Distributions of income from a CRT to beneficiaries are generally taxable to the beneficiaries. The character of distributions from a CRT to beneficiaries is determined under Sec. 664(b), which classifies CRT income into four tiers. Tier 1 represents ordinary income, while tier 2 represents capital gains. (To make matters more complex, tiers 1 and 2 actually have subclasses, but that is beyond the scope of this discussion). The new method builds on the regular distribution method of Sec. 664 by adding an intermediate layer to each class of income: income to which the net investment income tax applies. Retained net investment income is called accumulated net investment income.
The immediate planning opportunity for CRTs is to harvest short-term and long-term capital losses. Here is how it works and what changed from earlier years. In the past, harvesting long-term capital losses was a nullity; the losses reduced tier 2 gains and rarely had any impact on the Sec. 664 (Schedule K-1) distribution to the beneficiary. However, everything changed with the advent of the net investment income tax. Under current law, the distribution of 2013 and later capital gains will carry out accumulated net investment income, while the distributions of pre-2013 gains will not carry out accumulated net investment income. Hence, the key is to somehow reduce 2013 gains, thereby shrinking the 2013 net investment income portion of tier 2 gains and allowing distributions to flow from the pre-2013 accumulated gains. By harvesting losses in 2013, taxpayers can reduce accumulated net investment income.
Example: R’s CRT was created in 2000 and has no tier 1 accumulation and a $2,500,000 pre-2013 tier 2 long-term capital gain accumulation. In 2013, the trust earns $20,000 of interest (i.e., tier 1 income) and $250,000 of long-term capital gains (i.e., tier 2 gains). In 2013, R’s CRT distribution is $300,000. Assume R is already over the net investment income tax threshold for his filing status.
Under the net investment income tax regulations, $20,000 of tier 1 income and $280,000 of tier 2 gains will be reported to R on a Schedule K-1. Of this amount, $270,000 (i.e., $20,000 interest plus $250,000 of 2013 long-term capital gain) will be subject to the net investment income tax, resulting in a net investment income tax of $10,260 ($270,000 × 3.8%).

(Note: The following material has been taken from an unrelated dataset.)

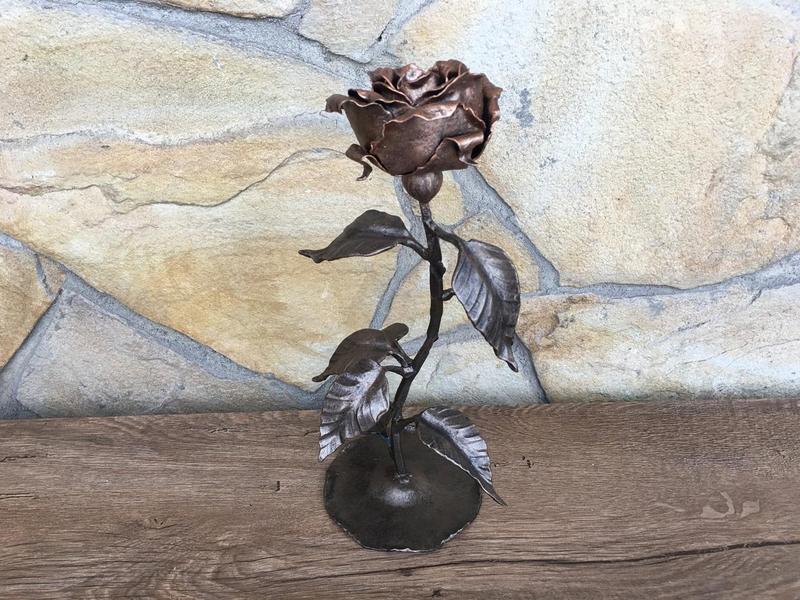 Шукаєте гарний подарунок на Різдво? Подарунок на річницю весілля? Подарунок на день Святого Валентина? Весільний подарунок? Чи просто декор для дому? Ось кована металева троянда, яка може стати чудовим подарунком для вашої дівчини/жінки. Виглядає дуже святково і декоративно! Вона точно стане вишуканим акцентом будь-якого свята. Розміри: висота - 31,5 см довжина - 15 см ширина - 15 см діаметр підвалу - 11,5 см вага - 0,7 кг Ця троянда виглядає дуже об'ємно та декоративно, майже як справжня. Бутон виконаний у яскравій бронзі, а стебло і листя мають темно-бронзовий відтінок, що додає святковості вашому інтер'єру.
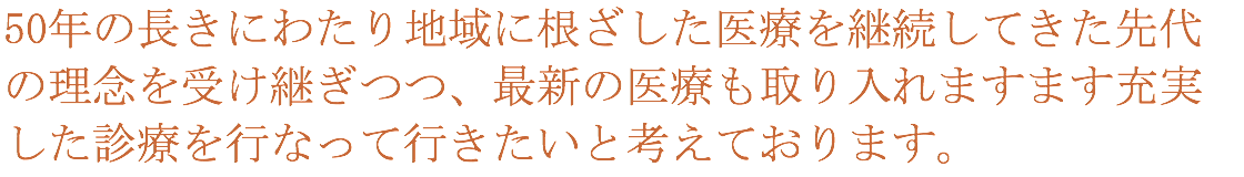 当院は私の祖父である森川良夫が昭和43年に能勢町今西に開院致しました。その後 父森川力が継承し平成5年に医療法人を開設致しました。その後平成25年3月より私が継承させて頂いております。この能勢の地に開院してから50年以上の長きにわたり地域に根ざした医療を継続してきた先代の理念を受け継ぎつつ最新の医療も取り入れ、ますます充実した地域医療を行なって行きたいと考えております。さらに、当院における診療のみならず、周辺の連携医療機関とも関係を密にし、また訪問看護ステーションとの連携も図り在宅医療の充実にも努力したいと思っております。安心して何でも相談できるかかりつけ医として地域の皆様の健康を守るお手伝いが出来ることを願っております。

In the alternative, if the trustee were able to harvest long-term capital losses in 2013, those realized losses would reduce the $250,000 of accumulated net investment income from the 2013 gain realized. Now, for each dollar of 2013 long-term capital loss harvested, a dollar of the tier 2 distributions will be distributed from pre-2013 capital gains and not subject to the net investment income tax.